Pablo Picasso – Femme au béret bleu assise dans un fauteuil gris, manches rouges (1937)
In this quietly complex portrait, Pablo Picasso renders Dora Maar—his lover, muse, and one of the most intellectually formidable women in his life. Painted in 1937, Femme au béret bleu assise dans un fauteuil gris, manches rouges (translated: Woman in a Blue Beret Seated in a Gray Armchair, Red Sleeves) is a moment of psychological stillness just before the emotional volatility of his Weeping Woman series takes over.

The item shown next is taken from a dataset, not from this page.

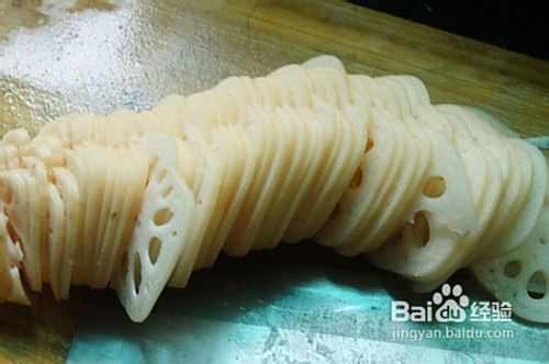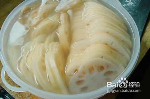 藕切好以后赶紧泡多清水里,清水里加几滴白醋防止藕氧化

Here, Dora is both composed and fractured: her face split into dual angles—profile and frontal—characteristic of Picasso’s late Cubist phase. But unlike earlier Cubist portraits that reveled in fragmentation, this work breathes with a more emotional restraint. Its flattened planes feel almost architectural, constructed from pastel blocks of lavender, sage, and crimson. Her beret and garment details are stylized into costume-like symbols of identity, perhaps referencing her Parisian surrealist roots.
The composition subtly frames her within a painted "window," suggesting not just containment, but introspection. This is Dora not as the anguished muse of later paintings, but as a poised, enigmatic presence—calm before the storm.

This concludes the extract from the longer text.